Hal tersebut disampaikan Psikolog Klinis Universitas Potensi Utama Sumatra Utara, Fadhilla Fajrah, saat membahas fenomena kekerasan seksual terhadap anak di lingkungan sekolah.
Menurut Fadhilla, child grooming tidak selalu diawali dengan kontak fisik. Justru, manipulasi emosional kerap menjadi pintu masuk utama yang luput dari kewaspadaan.
“Pelaku biasanya membangun kepercayaan terlebih dahulu (building trust). Mereka bersikap perlahan dan tidak mencurigakan. Banyak orang dewasa masih mengira grooming hanya soal sentuhan fisik, padahal manipulasi emosional sering terjadi jauh lebih dulu,” ujarnya.
Ia menjelaskan, relasi kuasa menjadi faktor kunci dalam kasus grooming di sekolah. Ketika pelaku memiliki otoritas, baik sebagai guru, staf sekolah, maupun figur dewasa lain, korban cenderung takut menolak atau melapor. Ketimpangan relasi kuasa (power imbalance) ini diperparah oleh keterbatasan psikologis dan sosial anak, termasuk latar belakang pendidikan serta kondisi ekonomi keluarga.
“Dalam banyak kasus, anak mengalami respons membeku atau freeze, terdiam dan tidak mampu bereaksi saat pertama kali mengalami perlakuan yang tidak pantas. Sayangnya, sebagian besar anak belum dibekali keberanian dan keterampilan untuk speak up,” jelasnya.
Fadhilla menambahkan, praktik grooming kini juga merambah ruang digital.

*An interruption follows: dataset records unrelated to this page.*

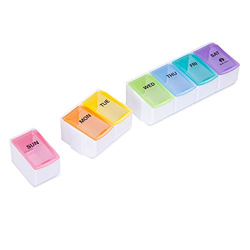 BUG HULL 7 Day Pill Organizer Detachable, Weekly Pill Case, Pill Container for Pills/Vitamin/Fish Oil/Supplements - Rainbow
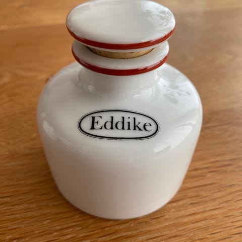 Højde 12,5 cm, diameter 10,5 cm , jeg har også Eddike karaffel til salg for 150 kr.
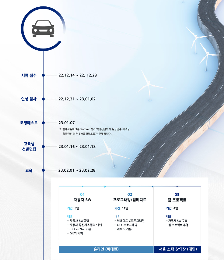 [현대모비스 채용연계형 SW아카데미 2기 교육생 모집] 온라인 채용설명회 사전신청하기 (~12/18(일))[현대모비스 채용연계형 SW아카데미 2기 교육생 모집] 소개 홈페이지 바로가기※ 서류 접수는

Online grooming dinilai lebih sulit terpantau karena berlangsung secara privat dan kerap dianggap aman lantaran tidak terlihat oleh orang lain.
Adapun tanda-tanda awal yang dapat dikenali oleh guru atau pihak sekolah antara lain perubahan perilaku siswa, seperti mendadak pendiam, tertutup, mengalami penurunan prestasi, atau terlihat terlalu dekat dengan orang dewasa tertentu.

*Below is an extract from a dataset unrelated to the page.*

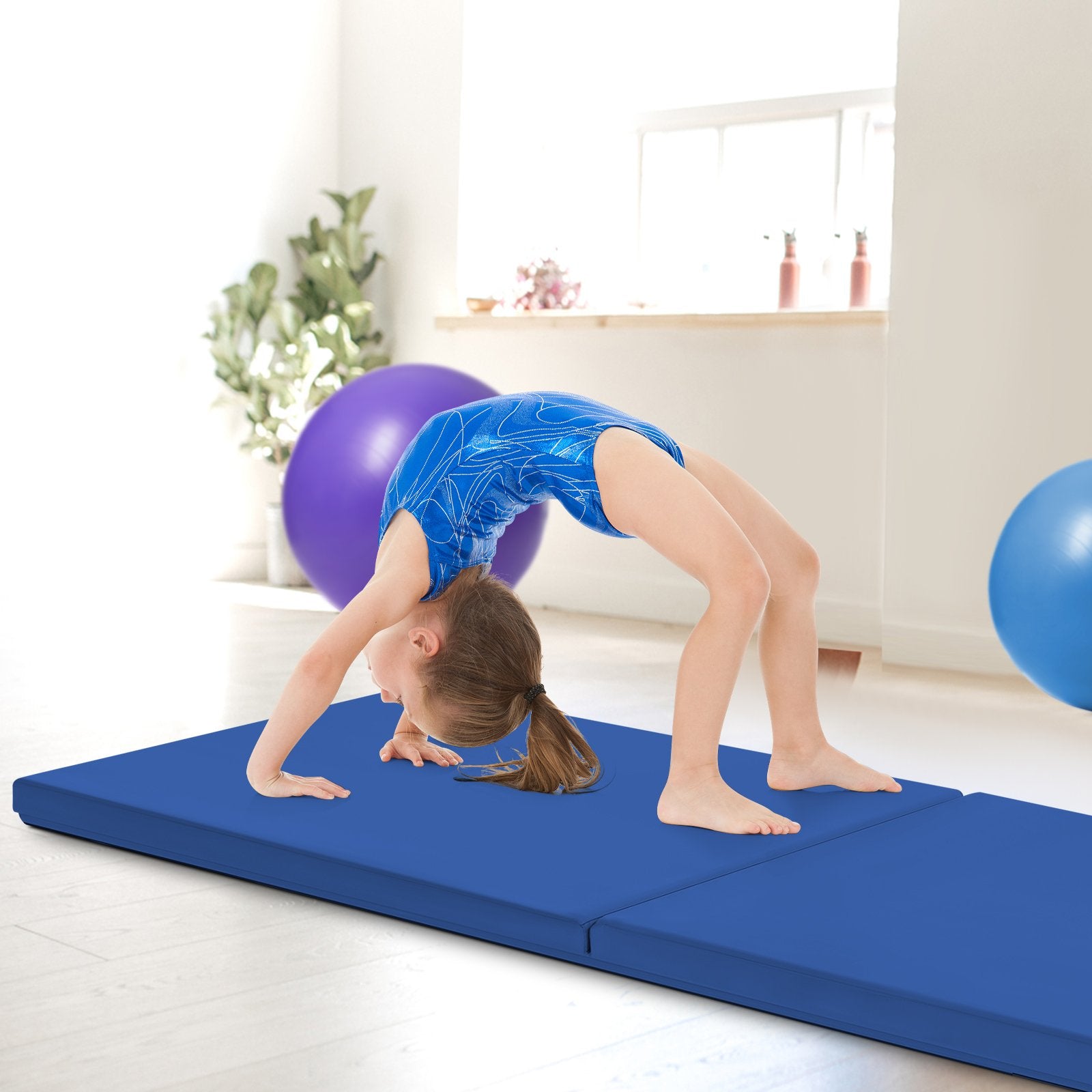 6 x 2 Feet Gymnastic Mat with Carrying Handles for Yoga-Blue

“Dalam psikologi, perubahan ini merupakan refleks perilaku yang harus segera ditindaklanjuti,” katanya.
Namun demikian, Fadhilla menilai banyak sekolah masih menghadapi kendala serius dalam menangani dugaan child grooming. Kekhawatiran salah tuduh, minimnya edukasi, serta ketiadaan prosedur pelaporan yang jelas membuat institusi kerap ragu bertindak.
“Banyak sekolah belum memiliki clear reporting system. Edukasi tentang grooming pun masih jarang dilakukan, kecuali jika sekolah secara khusus mengundang psikolog atau pihak terkait,” ungkapnya.
Ia mencontohkan, sejumlah sekolah telah mulai menerapkan Program Pencegahan dan Penanganan Kekerasan Seksual (PPKPS) secara rutin, termasuk di tingkat sekolah menengah atas di Medan. Namun, implementasi program ini belum merata dan masih terbatas di beberapa sekolah. Kondisi tersebut berisiko membuat kasus grooming berlarut-larut dan memperburuk tekanan psikologis korban.
Fadhilla juga menyoroti budaya menjaga nama baik institusi yang kerap menghambat perlindungan korban.
“Ketika reputasi sekolah lebih diutamakan, keselamatan dan pemulihan korban justru terabaikan. Ini yang disebut institutional silence, dan dampaknya sangat buruk bagi kondisi psikis anak,” tegasnya.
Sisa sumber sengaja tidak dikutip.